Arab Evacuation Orders Morris estimates that Arab orders accounts for at most 5% of the total exodus:
Arab officers ordered the complete evacuation of specific villages in certain areas, lest their inhabitants "treacherously" acquiesce in Israeli rule or hamper Arab military deployments.... There can be no exaggerating the importance of these early Arab-initiated evacuations in the demoralization, and eventual exodus, of the remaining rural and urban populations.
[56]Furthermore, in his comprehensive book on the Arab–Israeli conflict,
Righteous Victims, Morris wrote:
In some areas Arab commanders ordered the villagers to evacuate to clear the ground for military purposes or to prevent surrender. More than half a dozen villages ... were abandoned during these months as a result of such orders. Elsewhere, in East Jerusalem and in many villages around the country, the [Arab] commanders ordered women, old people, and children to be sent away to be out of harm's way.... [T]he AHC and the Arab League had periodically endorsed such a move when contemplating the future war in Palestine.
[57]In a 2003 interview with
Haaretz, Morris summed up the conclusions of his revised edition of
The Birth of the Palestinian Refugee Problem: "In the months of April–May 1948, units of the
Haganah were given operational orders that stated explicitly that they were to uproot the villagers, expel them and destroy the villages themselves. At the same time, it turns out that there was a series of orders issued by the
Arab Higher Committee and by the Palestinian intermediate levels to remove children, women and the elderly from the villages."

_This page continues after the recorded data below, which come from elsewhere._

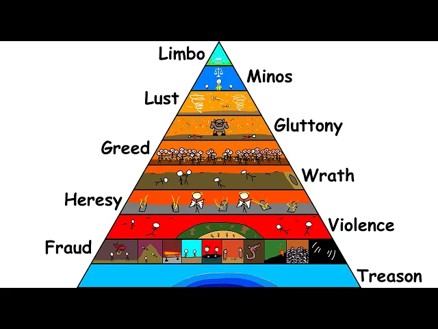 this punishment is because according to the principle of contrap Paso those who always ate are now being eaten most of the people here are laying down and playing dead so Cerberus doesn't get to them and when it tried to go for Dante Virgil who is his guide threw dirt in its three mouths distracting it it's at this level that we learn that on Judgment Day everyone's soul will be reunited with their body and be in a state of perfection but while Perfection sounds good in heaven in hell it means perfect suffering level four greed when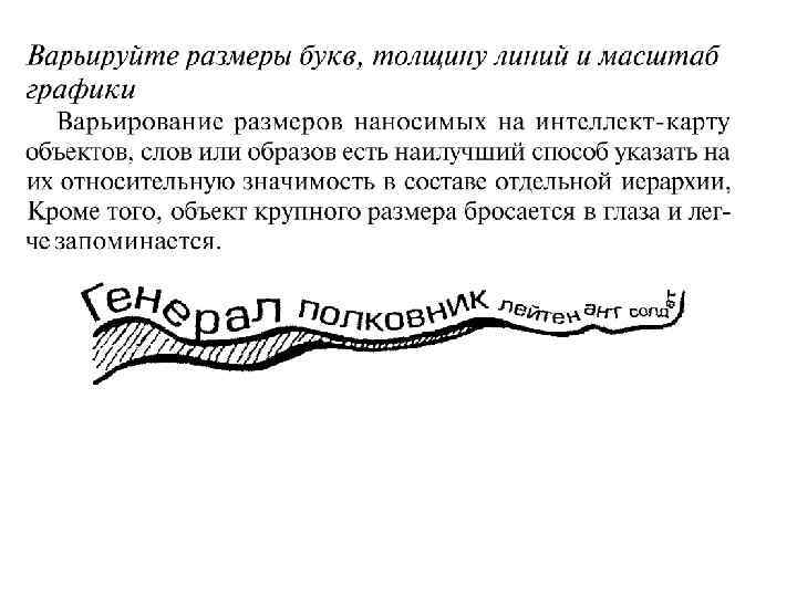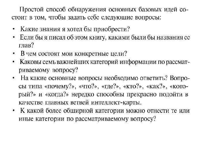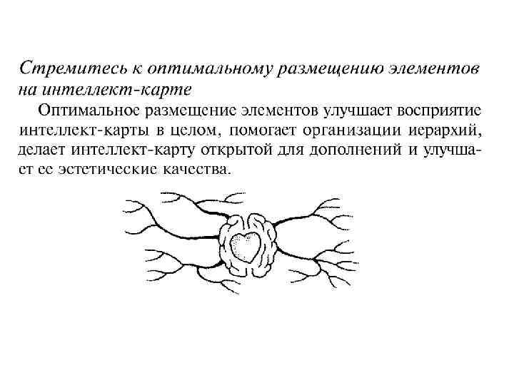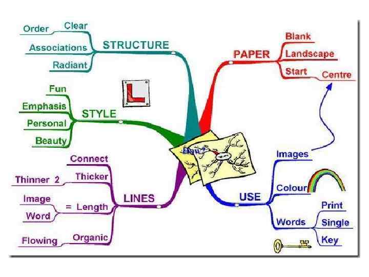 От БАЗОВОЙ ИДЕИ во все стороны расходятся ветви, ведущие к составляющим базовой идеи мыслям. В свою очередь эти составляющие также могут делиться на свои составляющие, и так до бесконечности (в теории). Естественно, на практике обычно используется только несколько ступеней иерархии, поскольку при возрастании количества ступеней становится сложно не только записывать, но и воспринимать информацию.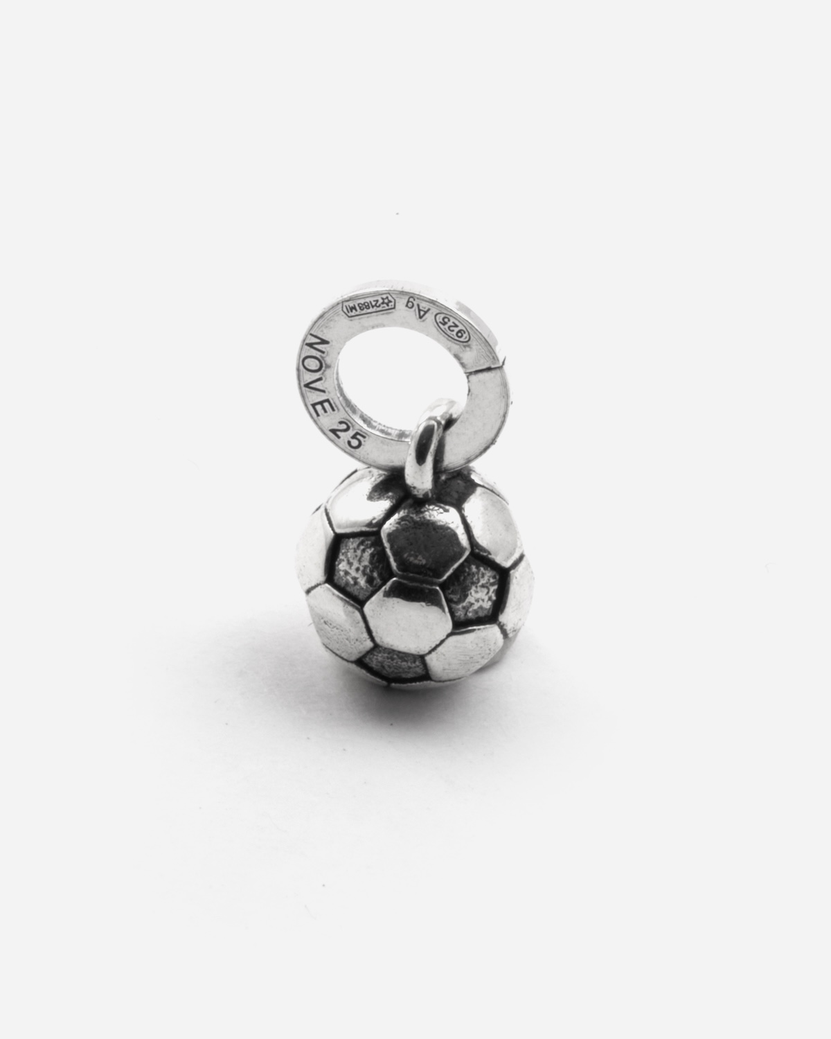 El Mini Charm Colgante Balón De Fútbol forma parte de la Colección Miniature y está fabricado en plata de ley 925. Como todas las joyas Nove25 también este Colgante se diseña y fabrica íntegramente en Italia con las tecnologías más modernas y se termina a mano para garantizar el máximo cuidado en los detalles y la más alta calidad. Esta joya se presenta en un acabado Bruñido Brillante y está disponible en talla única.

[58] The Arab National Committee in Jerusalem, following the 8 March 1948 instructions of the Arab Higher Committee, ordered women, children and the elderly in various parts of Jerusalem to leave their homes and move to areas "far away from the dangers. Any opposition to this order ... is an obstacle to the holy war ... and will hamper the operations of the fighters in these districts."
[59] In a 1959 paper,
Walid Khalidi attributed the "Arab evacuation story" to
Joseph Schechtman, who wrote two 1949 pamphlets in which "the evacuation order first makes an elaborate appearance."
[60] Morris, too, did not find any blanket orders of evacuation.